# 4 ways officers can help prosecutors prosecute



## kwflatbed (Dec 29, 2004)

By Tony Polse
Asst. State's Attorney, Lake Co., Ill.

All too often, I hear police officers complaining about prosecutors. And I hear the prosecutors complaining about the police. We need to remember that police and prosecutors are on the same team and are there to achieve the same goal: doing justice and putting the bad guy away. In my time as a prosecutor and police officer, I have found that the same problems come up over and over again. Here are some helpful hints that will hopefully alleviate some of the problems:









Orlando police officer Teresa Joyce, right, shows prosecutor Mark Graham in the 
Orange County courtroom how she attempted to get a suspect off the street. 
(AP Photo/Joe Burbank, Pool)

First of all, the process begins with _you_ - at the arrest and the ever-important police report. I'm not going to go into the perils of not being prepared for court, but I will stress one point: Police reports are the foundation on which prosecutors build a successful case, so the stronger the report, the better off everyone will be. Equally important is familiarizing yourself with the case in which you're going to testify, because it doesn't do anybody any good if you write a great report but can't remember a thing when you're on the witness stand.

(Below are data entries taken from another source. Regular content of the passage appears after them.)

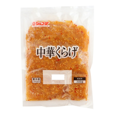 | 原材料 | 塩蔵くらげ(くらげ(タイ)、食塩)、砂糖、ごま、醸造酢、食塩、ごま油、唐辛子、たん白加水分解物(豚肉を含む)/調味料(アミノ酸等)、増粘剤(加工でん粉、キサンタン)、ソルビトール、カロチノイド色素、漂白剤(次亜硫酸Na)、ミョウバン(一部にごま・豚肉を含む) |
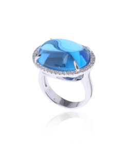 אבן הבלו טופז והיהלומים סביבה יוצרים תכשיט עוצר נשימה.
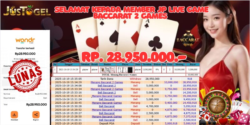 Selamat kepada User ID : YUS***UF Telah berhasil mendapatkan kemenangan besar pada Permainan JP LIVE GAME BACCARAT 2 GAMES Dengan kemenangan Sebesar Rp 28.950.000,- Setelah mengisi formulir withdraw dengan kurung waktu hanya 5-10 menit pihak JUSTOGEL sudah melakukan transfer kepada pemilik User ID dan dana sudah dapat di cairkan oleh pemenang. Bukti pembayaran yang kami berikan merupakan bukti pembayaran yang SAH / VALID yang langung di dapatkan melaui tanda transfer transaksi dari Bank yang di tuju.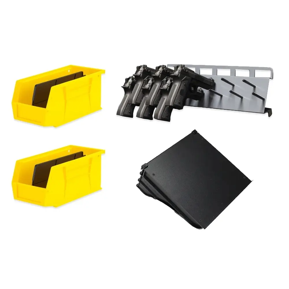 One (1) Rifle and Gear Shelf – 4-Gun Storage (SEC-SBS-04-01) One (1) Pistol Peg Rack – (SEC-52-628) Two (2) Large Bins w/ Dividers (B6115-Y)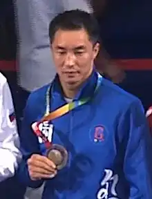 Byambyn Tüvshinbat (Mongolian: Бямбын Түвшинбат; born 27 March 1987 in Ulaanbaatar) is a Mongolian boxer.[1] He competed in the 2007 and 2011 Asian Amateur Boxing Championships (winning silver in 2007 and bronze in 2011), the 2006 and 2010 Asian Games, the 2006 World University Boxing Championship and the Shaheed Benazir Bhutto International Boxing Tournament (where he won the Men's Light Welterweight tournament, defeating Mashhurbek Ruziyev of Uzbekistan). Tüvshinbat represented Mongolia in the Men's welterweight event at the 2012 Summer Olympics and defeated Gabonese Yannick Mitoumba in the first round[2] but lost to Frenchman Alexis Vastine in the second round[3] then in the 2016 Summer Olympics, beating Alberto Palmetta of Argentina in the first round and losing by split decision to Steven Donnelly in his second match.
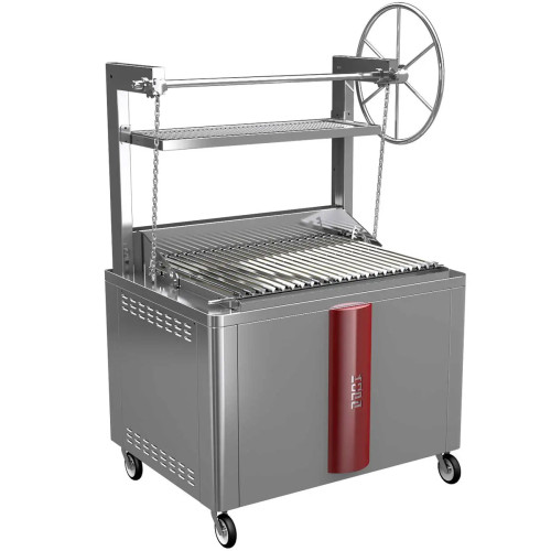 The Kopa Parrilla Argentine Charcoal Grill features a huge 930 x 735mm cooking area and large upper holding rack, great for high volume barbecue food production. Lift and tilt mechanism with removable V-groove grids for ultimate flexibility. The lift mechanism supports a range of heights and tilt angles.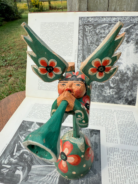 South American Wood Folk Art Flying Angel Statue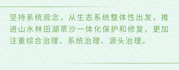 要堅持山水林田湖草沙系統治理,堅持正確的生態觀、發展觀,敬畏自然、順應自然、保護自然,上下同心、齊抓共管,把保持山水生態的原真性和完整性作為一項重要工作,深入推進生態修復和環境污染治理,杜絕濫采亂挖,推動流域生態環境持續改善、生態系統持續優化、整體功能持續提升。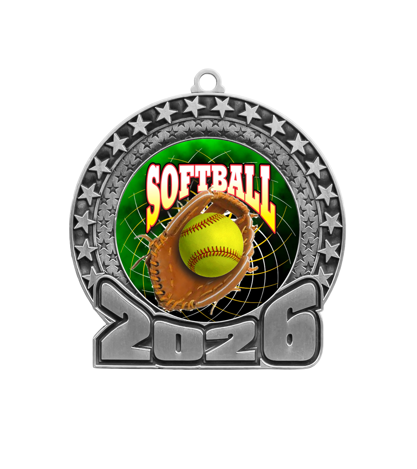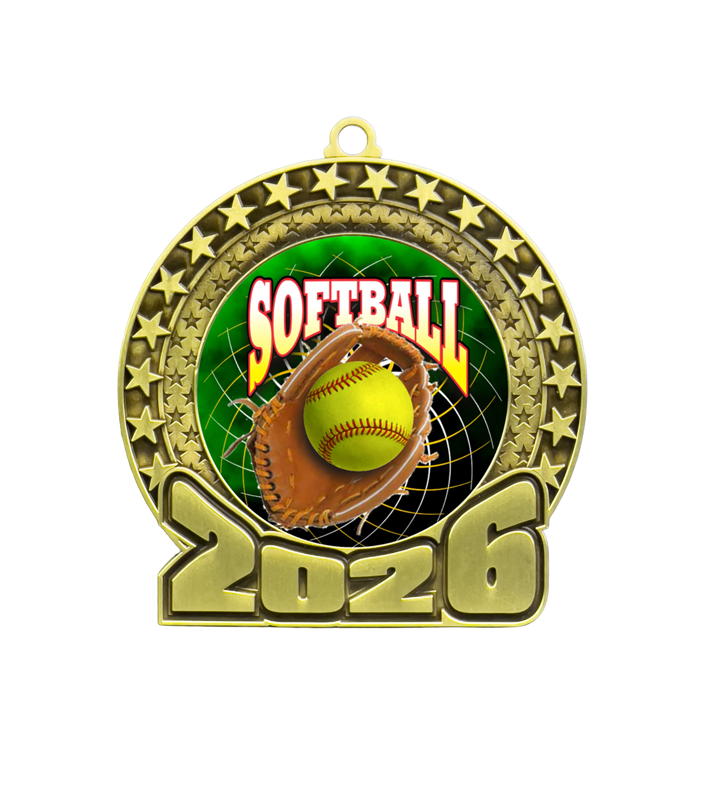 Our 2026 Softball Insert Medals are a Low Priced Custom Medal that can be customized with any one of our Softball stickers. This 2026 medal comes with a laminated insert sticker. Make 2026 a year defined by victory and achievement.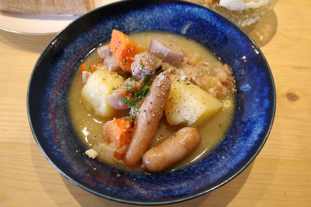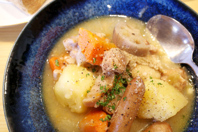 根菜にソーセージ、鶏肉。メニュー名の通りいろいろ具材がたっぷりのスープ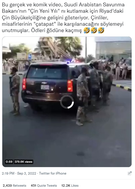 “Bu gerçek ve komik video, Suudi Arabistan Savunma Bakanı’nın “Çin Yeni Yılı” nı kutlamak için Riyad’daki Çin Büyükelçiliğine gelişini gösteriyor. Çinliler, misafirlerinin “çatapat” ile karşılanacağını söylemeyi unutmuşlar. Ödleri ğödüne kaçmış 🤣🤣🤣”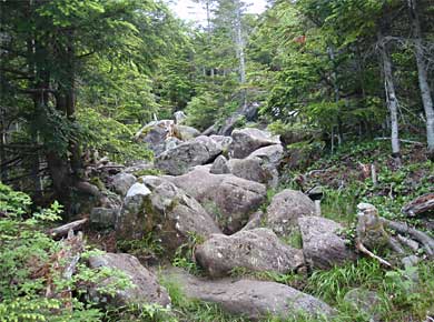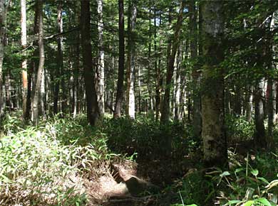 ↓ここから「北八ヶ岳の原生林」と紹介される、大きな石のゴツゴツしたシラビソの林の道を行きます。 周りが同じようなゴロ石なので、石についた乾いた泥の靴跡や、木に付けた赤テープなどに注意していないと、道の曲がる所で原生林の中に迷い込んでしまう事もあるかも知れません。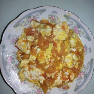 待油熟后先倒入鸡蛋,让鸡蛋在锅里两面煎熟,然后拿锅铲扎开,倒入切好的西红柿来回翻炒两分钟。再放入咸盐,味精,等。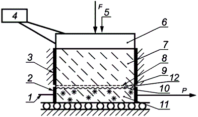 11 - мерзлый грунт; 12 - температурный датчик (щуп); F - нормальная нагрузка; P - касательная нагрузка

*Help the deer out of the road *

This first tip is for seasoned officers. If you walk into a courtroom and the prosecutor has a deer-in-the-headlights look, do yourself a favor and go over and introduce yourself. It's great getting into the courtroom and seeing all of your buddies - folks you went to the police academy with, officers from neighboring departments - but take some time to chat with the prosecutor. Let the prosecutor know that you are there for the trial or motion, and that you've done this before; you know the territory. 
Lay the groundwork for a good rapport with the prosecutor. This will not only foster a positive relationship, but it will also greatly reduce your chances of getting that subpoena when you're on vacation.

Going back to the lines of the "deer-in-the-headlights look" ... We've all been there when the prosecutor forgets to ask a crucial question. Thankfully, it doesn't happen very often, but it does happen. Finding a discreet way to remind a prosecutor that he or she forgot to ask a question (or forgot to get out a critical piece of evidence) is an art form, to say the least. 
Seasoned officers usually have some sort of catch phrase they'll use to alert the prosecutor of an oversight. In a perfect world, the prosecutor would have months to read the police report, prepare questions, file motions and prepare the officer for the trial or hearing, but this is rarely the case. If there is a piece of evidence that you absolutely think is crucial to your case, make sure you bring it up with the prosecutor prior to the trial or hearing. There may be some evidentiary considerations that need to be looked into before that piece of evidence comes in, or the prosecutor may tell you the evidence is good but not as crucial as you may think. This theory holds especially true in "cluster" or high-profile arrests.

Full Article: http://www.policeone.com/legal/articles/1654085/


----------



## Guest (Jan 26, 2008)

Good read............... Thanks Harry.


----------



## cmagryan (Dec 15, 2004)

Sniper said:


> Good read............... Thanks Harry.


Indeed.


----------



## Bostonthai (Apr 19, 2008)

Not sure how you guys do it, but the prosecutor, before he rests when a subject is on the stand, will stop and ask me "Anything else you think I should ask?" 

Not sure if this is our relationship or just a relaxed court setting.


----------